The expression for torque cam also be expressed as follows,

$\mathrm{T}=\mathrm{F}\times \mathrm{R}$

Here,R is the radius of the disk.

The moment of inertia for the uniform disk is given as follows,

$\mathrm{I}=\left(\frac{1}{2}{\mathrm{MR}}^2+4{\mathrm{mb}}^2\right)$

Here,b is radius of the four low mass rods.

Substitute all the values in equation (2).

$\mathrm{F}\times \mathrm{R}=\left(\frac{1}{2}{\mathrm{MR}}^2+4{\mathrm{mb}}^2\right)\mathrm{\alpha }$

Substituting all the values in the above equation,

$$\begin{gathered} 21\mathrm{N}·0.11\mathrm{m}=\left(\frac{1}{2}·1.2\mathrm{kg}.{\left(0.11\mathrm{m}\right)}^2+4.0.4\mathrm{kg}.{\left(0.14\mathrm{m}\right)}^2\right)\mathrm{a} \\ \mathrm{a}=\frac{\left(21\mathrm{N}\times {\displaystyle \frac{1\mathrm{kg}.\mathrm{m}/{\mathrm{s}}^2}{1\mathrm{N}}}\right).0.11\mathrm{m}}{\left(\frac{1}{2}·1.2\mathrm{kg}.{\left(0.11\mathrm{m}\right)}^2+4.0.4\mathrm{kg}.{\left(0.14\mathrm{m}\right)}^2\right)} \\ =\frac{2.31\mathrm{kg}.{\mathrm{m}}^2/{\mathrm{s}}^2}{\left(7.26\times {10}^{-3}\mathrm{kg}\times {\mathrm{m}}^2+0.03136\mathrm{kg}\times {\mathrm{m}}^2\right)} \\ =59.81\mathrm{red}/{\mathrm{s}}^2 \end{gathered}$$

The equation of the angular speed can be written as,

$\omega ={\omega }_0+\alpha t$

Here, ${\omega }_0$is the initial angular speed and$\omega$ is the final angular speed.

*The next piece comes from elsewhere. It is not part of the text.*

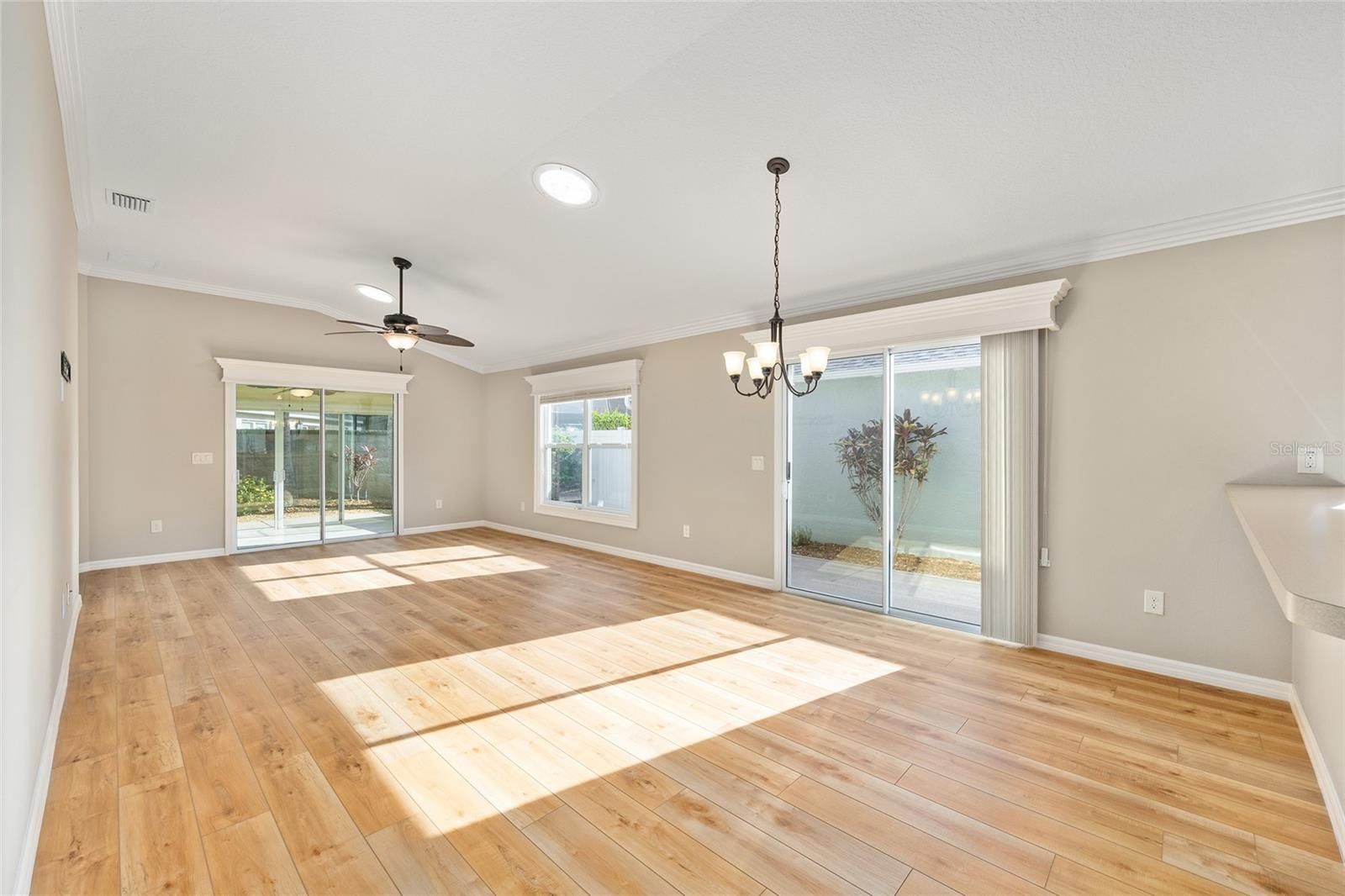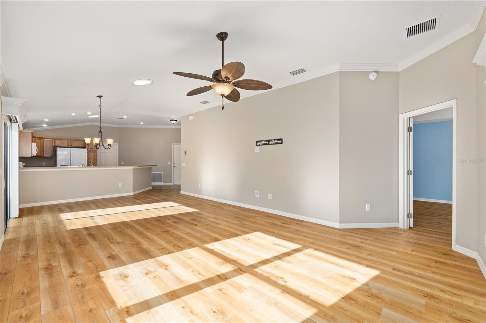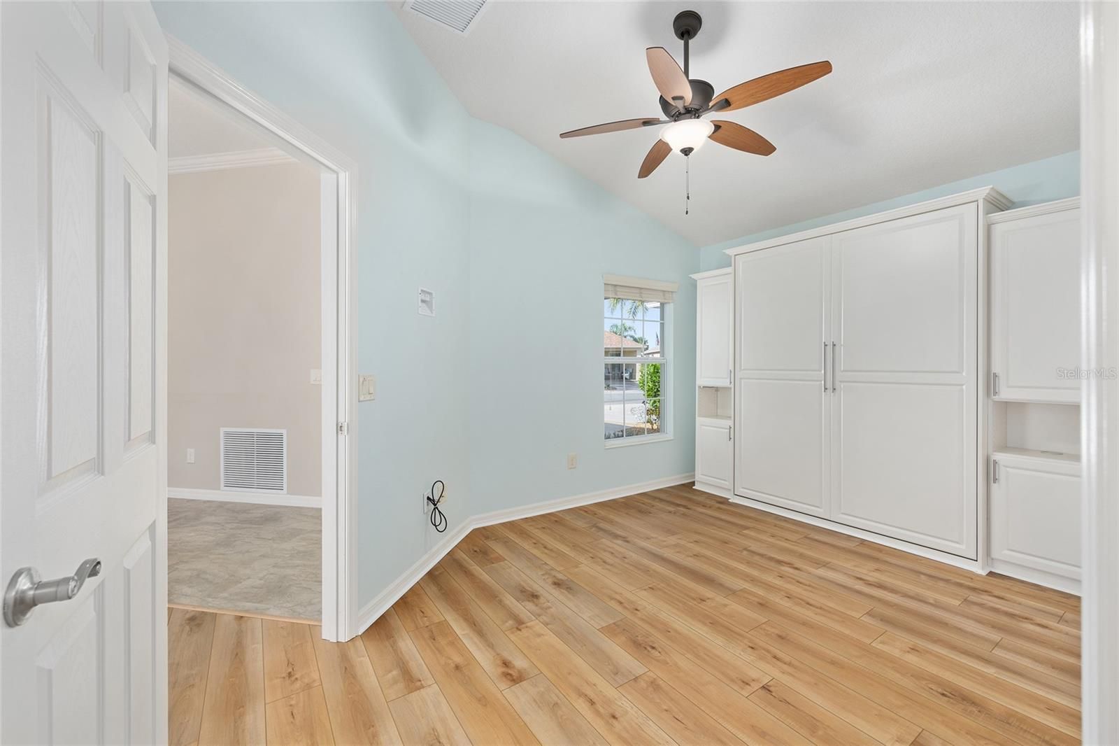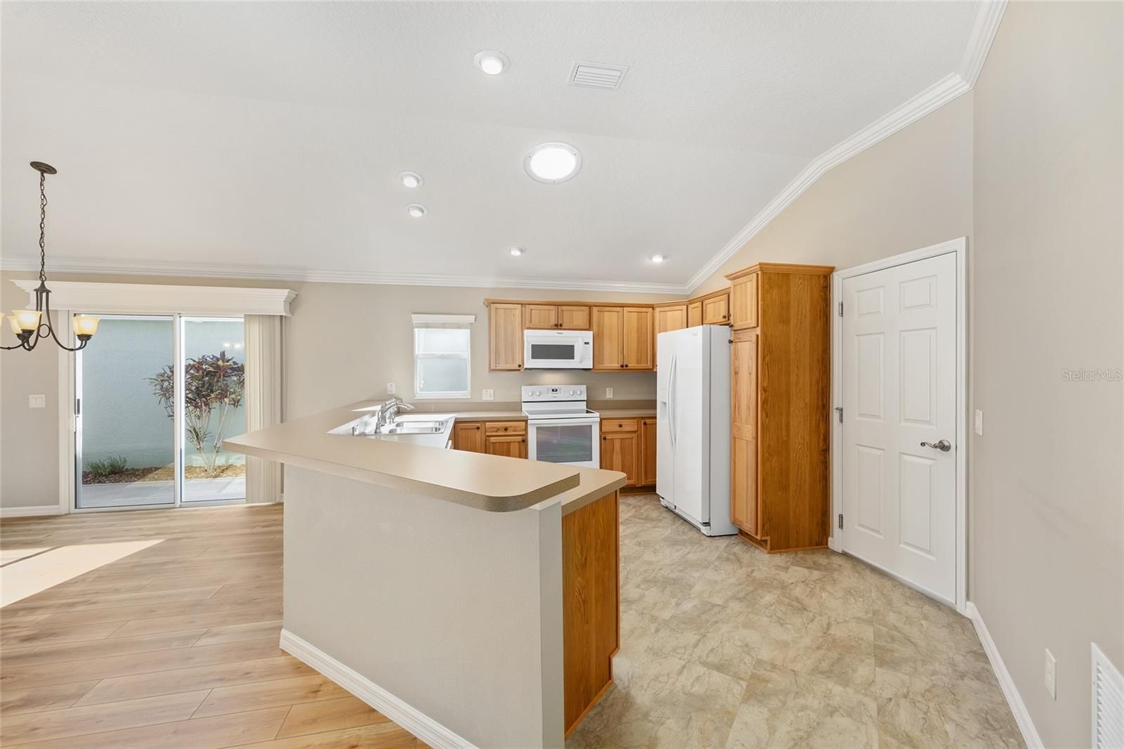 One or more photo(s) has been virtually staged. Village of Pine Ridge – Reagan Villas!! Meticulously Maintained Cambridge Courtyard Villa LOADED WITH UPGRADES in a Prime Location in The Villages, FL! -- Built in 2015, this Concrete Block and Stucco Villa features 1,270 sq ft of living space with 2 bedrooms, 2 baths, High and Vaulted Ceilings, and NO CARPET. -- You'll find COREtec 100% Waterproof Luxury Vinyl Plank Flooring in the Main Living Areas, paired with CROWN MOLDING, CUSTOM WOOD CORNICES, and THREE SOLAR TUBES that brighten the space with Natural Light. The Driveway, Walkway, and Front Porch are CUSTOM PAINTED, and the Garage includes a HIDEAWAY SCREEN, Insulated Garage Door, Radiant Barrier Attic Insulation, Attic fan, Built-in Workspace, and Rock Mulch in the Mature Landscaped Beds. -- The Kitchen boasts Recessed Panel Hickory Cabinets with Pot Drawers and Pull-outs, a Breakfast Bar Overhang, and a Reverse Osmosis System. The OPEN LAYOUT offers Spacious Living and Dining areas, with TV Mounts and In-wall Wiring Ready for your Setup. The Guest Suite features a BUILT-IN QUEEN MURPHY BED, Closet, and an EN-SUITE BATHROOM with a Tub/Shower combo, while the OWNER'S SUITE showcases a TRAY CEILING, EN-SUITE BATH with Pocket Door Entry, Walk-in Closet, Dual Sinks, a Tiled Step-in Shower with Glass Door and Bench Seat, and a Linen Closet. -- Relax in the ENCLOSED FLORIDA ROOM with ROLL-DOWN SHADES, Recessed Lighting, Ceiling Fan, and 12-foot Glass Slider Doors (with a Six-foot Opening) leading to the Rear Courtyard. -- Outdoors, you’ll enjoy CUSTOM-PAINTED Rear and Side Patios surrounded by Professional Landscaping. -- The Grage is outfitted with a TILED VINYL FLOOR, HVAC Closet, Washer and Dryer (2021), BUILT-IN WORKSTATION, Extra Wall-mounted Cabinets and Wire Shelving, Utility sink, Pull-down Attic Stairs, and HIDEAWAY SCREEN. -- Ideally located just 0.5 miles from the Escambia & Okeechobee Executive Courses and Moyer Recreation Center & Family Pool, 0.8 miles from Pine Ridge Pool & Mail Station, 2.5 miles from Belle Glade Country Club, and only 1 mile from Colony Plaza Shopping Center and MORE —this move-in ready villa offers incredible convenience. You don’t even need a car. -- Please enjoy the attached VIDEO WALKTHROUGH and DRONE FOOTAGE and Schedule your Private Showing TODAY!

For,${\mathrm{\omega }}_0=0,\mathrm{\alpha }=59.81\mathrm{rad}/{\mathrm{s}}^2\mathrm{and}\mathrm{t}=1\hspace{0.33em}\mathrm{s}.$

$$\begin{gathered} \mathrm{\omega }=0+59.81\mathrm{rad}/{\mathrm{s}}^2\times 1\mathrm{s} \\ =59.81\hspace{0.33em}\mathrm{rad}/\mathrm{s} \end{gathered}$$

Thus, the angular speed of the apparatus is$59.81\mathrm{rad}/\mathrm{s}$.